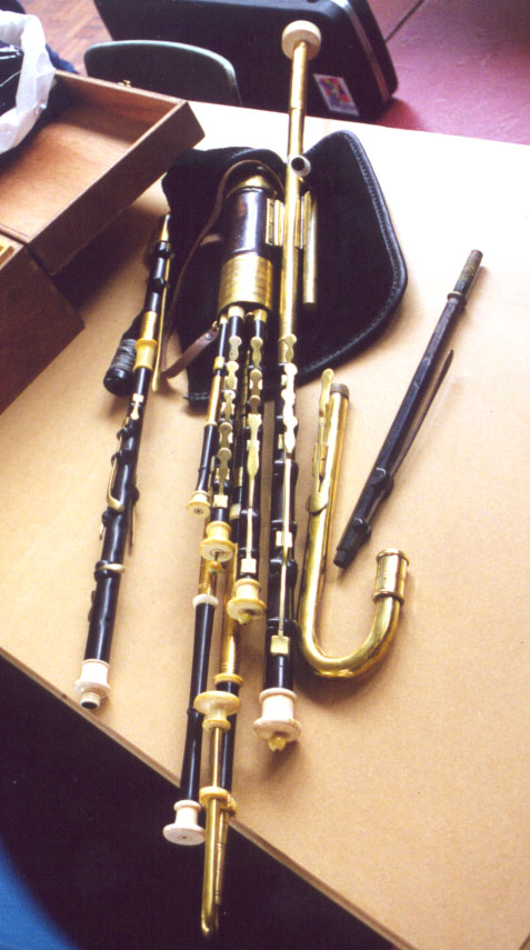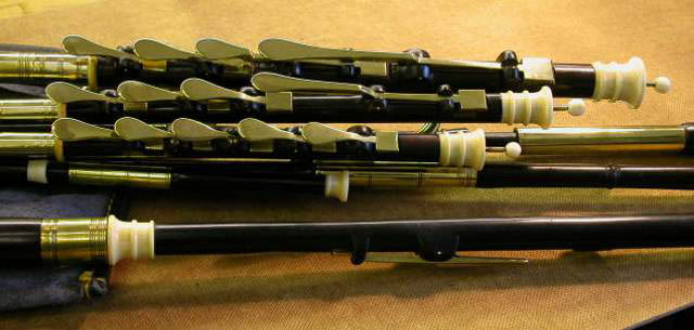 This is Coyne. Note the two decorative rings in the endcaps instead of three, and that the end of the caps are rounded - the shape of the caps are reflected in the drone endmounts, also - the narrower regulator keys, forged in their own distinctive shape; and the lack of a ferrule on the small regulators at the stock end, a simple ivory mounting being used, instead of Egan’s mount - ferrule - mount. Also that the gap at the end of the small reg is much smaller than with Egan, who perhaps lengthened the bore here for tuning reasons.
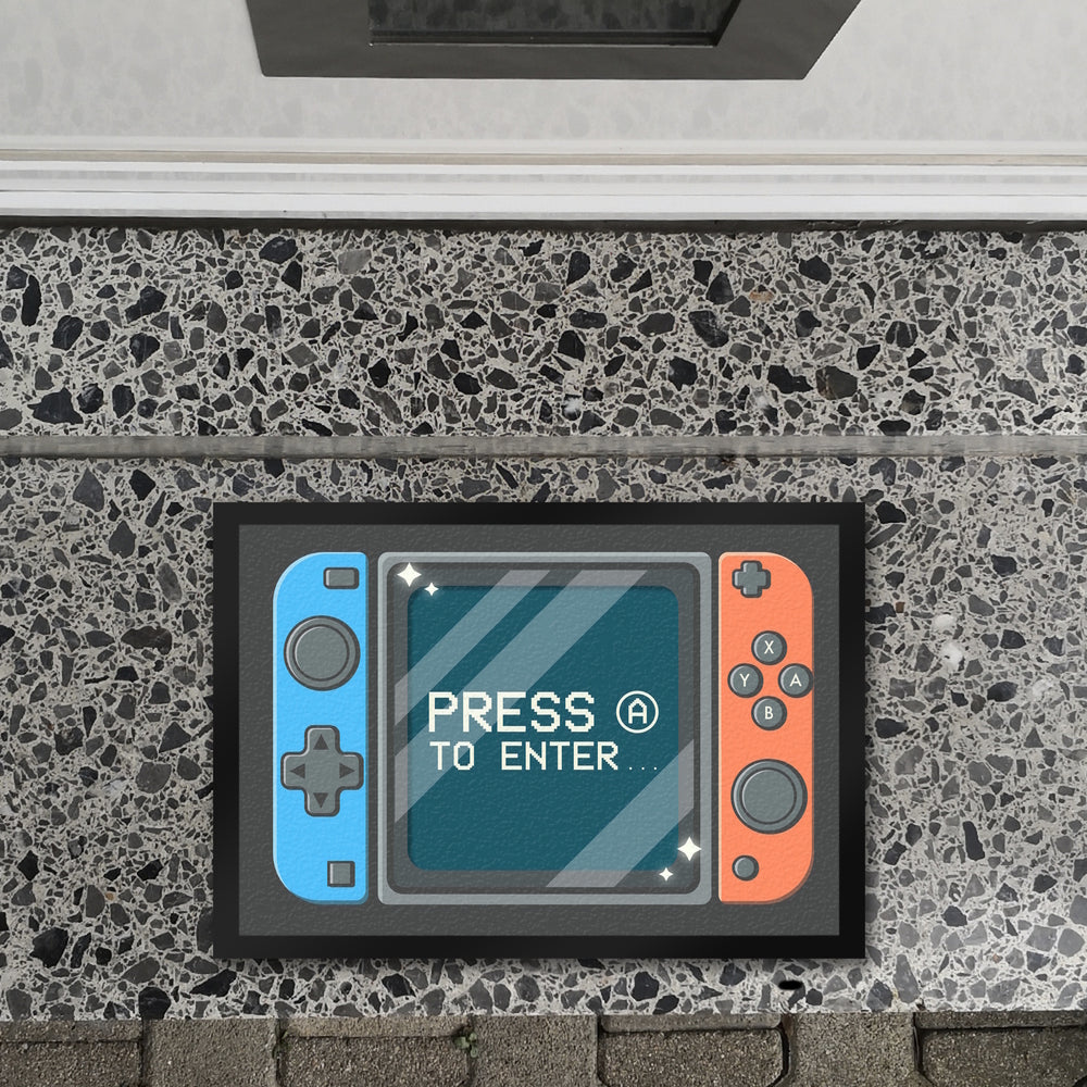 • 1x Press A to enter Fußmatte mit coolem Gamer Konsolen Motiv in der gewählten Größe
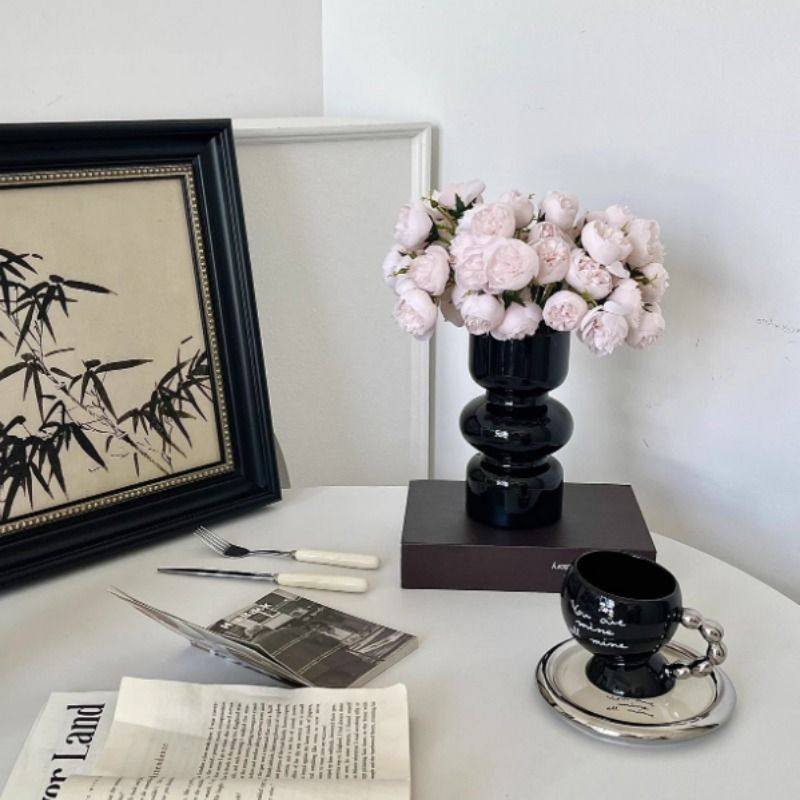 景德镇陶瓷玫瑰花枝仿真花永生花束插花瓶手工摆件装饰节日礼品
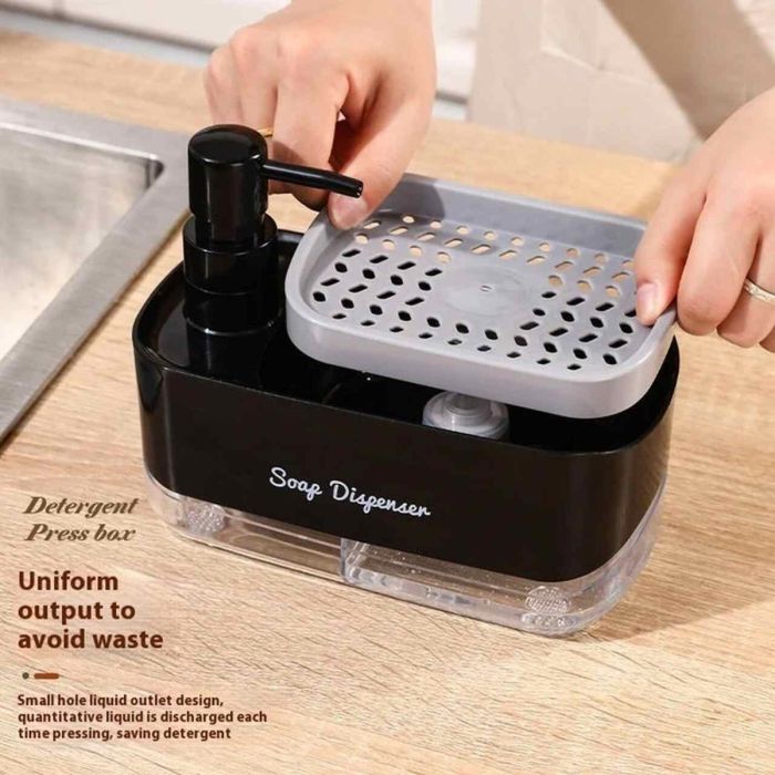 - This dispenser has a multifunctional design, and not only stores hand soap and dishwashing means, but also includes a built-in sponge holder. It eliminates the need to search for cleaning supplies, making your kitchen more organized and efficient

════════════════════

What you are asked to do: With all pictures omitted, return the lines from the line containing "der gewählten Größe" through the closing line of the listing above, exactly and inclusive.

Exercise result:
 • 1x Press A to enter Fußmatte mit coolem Gamer Konsolen Motiv in der gewählten Größe
 景德镇陶瓷玫瑰花枝仿真花永生花束插花瓶手工摆件装饰节日礼品
 - This dispenser has a multifunctional design, and not only stores hand soap and dishwashing means, but also includes a built-in sponge holder. It eliminates the need to search for cleaning supplies, making your kitchen more organized and efficient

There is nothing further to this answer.